Savage cuts to welfare are undoubtedly popular with the tabloid press, they are therefore some of the easiest cuts to make. But these cuts will weigh most heavily on the children of the poorest families.

And if the Thatcher years taught us anything it is that impoverishing the poorest leads to decades of intergenerational poverty. By cutting benefits now the government is storing up serious problems of ill-health, educational underachievement and unfulfilled lives. A crisis caused by the super-rich is being used to visit untold suffering upon the most vulnerable.

The CSR itself acts decisively against young people in a number of ways. Leaving the broadly commendable pupil premium aside the budget is wholly bad news for the young.

SureStart, the programme designed to ensure that children are guaranteed the best of early years provision by bringing together education, health and family support will be restricted to the poorest communities. This will undoubtedly lead to gradual reductions in service and problems with stigma.

Free schools are an expensive and risky project at any time, but it beggars belief that anyone seriously thinks the middle of the biggest planned fiscal contraction since the 1920s is the time to gamble on them. The likelihood is that they will suck resources from mainstream education while doing little to improve standards.

This problem is compounded by the fact that Free Schools are being promoted while the previous government’s school building programme has been largely scrapped. So the upwardly mobile parents who want pseudo-private schools can have them while very substantial numbers of children have to learn in substandard conditions. This is nothing short of a disgrace.

Having struggled through 12 compulsory years of education in substandard buildings, with the prospect of whopping student debt ahead many young people will be wondering why they should stay on at school. Many were able to do so because of the Educational Maintenance Allowance. The Educational Maintenance Allowance has now been scrapped.

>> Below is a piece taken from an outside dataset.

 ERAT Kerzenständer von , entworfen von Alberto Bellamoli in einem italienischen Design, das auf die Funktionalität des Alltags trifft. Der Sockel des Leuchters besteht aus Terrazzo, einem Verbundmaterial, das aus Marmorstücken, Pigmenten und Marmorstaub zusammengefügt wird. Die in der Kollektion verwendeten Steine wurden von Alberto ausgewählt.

The trailed changes to student funding recommended by the Browne Review will genuinely lumber a generation with huge burdens of debt. With existing levels of student debt averaging £23,000 on graduation, we can expect the introduction of a market for fees pushing graduate debt well beyond £30,000 and up to £50,000 in some cases. This is where the superficiality of Osborne’s concern for the indebtedness of future generations becomes clear. Simply, he doesn’t care.

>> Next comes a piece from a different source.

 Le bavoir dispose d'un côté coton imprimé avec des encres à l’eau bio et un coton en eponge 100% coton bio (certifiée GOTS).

Once young people have finished formal education they will be faced with huge difficulties finding a job, with unemployment spiralling upwards. The problem with reducing the number of state employees by natural wastage and recruitment freezes is that it denies new entrants opportunities to do useful work. When today’s young people do find a job it will be very unlikely to be a rewarding one. What employment there is will be in low skilled private sector jobs.

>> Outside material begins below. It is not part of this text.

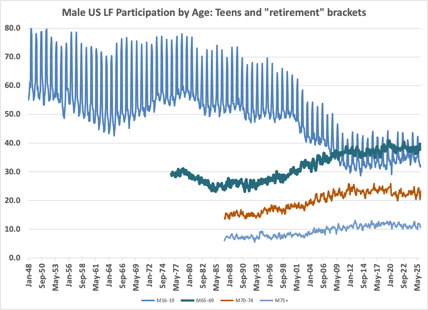 This hides divergent behavior by gender. Participation by prime-age men fell decade after decade, until rising the past 5 years for those age 45-59. I give a separate chart above for teens and those often thought as retirement age. You can see the seasonal volatility of teen participation, as well as the large decline, mostly after 1990. More kids completing high school? Jobs squeezed out by after-school activities? I don’t know.

It is becoming ever clearer that the aim of these cuts is to impoverish the vast majority of people in Britain. These cuts make it easier for the very wealthy to add to their already significant riches. The attack on universal benefits is the thin end of a wedge. Once benefits are withdrawn from the majority and preserved for the most needy they will decline. Countries with welfare systems for the poor have the poorest welfare systems.

It is for this reason that we should welcome the few instances where universal benefits have been retained. Free bus passes for the elderly, the pensioners’ winter fuel allowance and free TV licenses for the over-75s are all valuable. But it won’t have evaded your notice that those universal benefits are all available only to older people. While this is at least partly a dividend for higher electoral turn-out amongst older people, it also gives lie to the notion that there can be no more universal benefits.

This decline in universal benefits is the political dynamic that will continue to make it difficult for the young people of today and tomorrow. While today there is a lower rate of minimum wage for under-21s and under-18s tomorrow there may be no minimum wage at all. That is the logic that underpins Osborne’s ideological attack on the state.

If, as seems likely, the cuts send the economy into a long period of stagnation it is today’s youth that will pay the price. And that’s on top of massive levels of intergenerational poverty, poor schooling and student debt. This CSR imposes penance for the sins of the plutocrats. Its consequence is to make the very rich people even richer through the application of a Shock Doctrine. It is disgusting that ideologues like Osborne seek to mobilise the interests of future generations in this cause, when their genuine intentions are so clearly hostile to the young.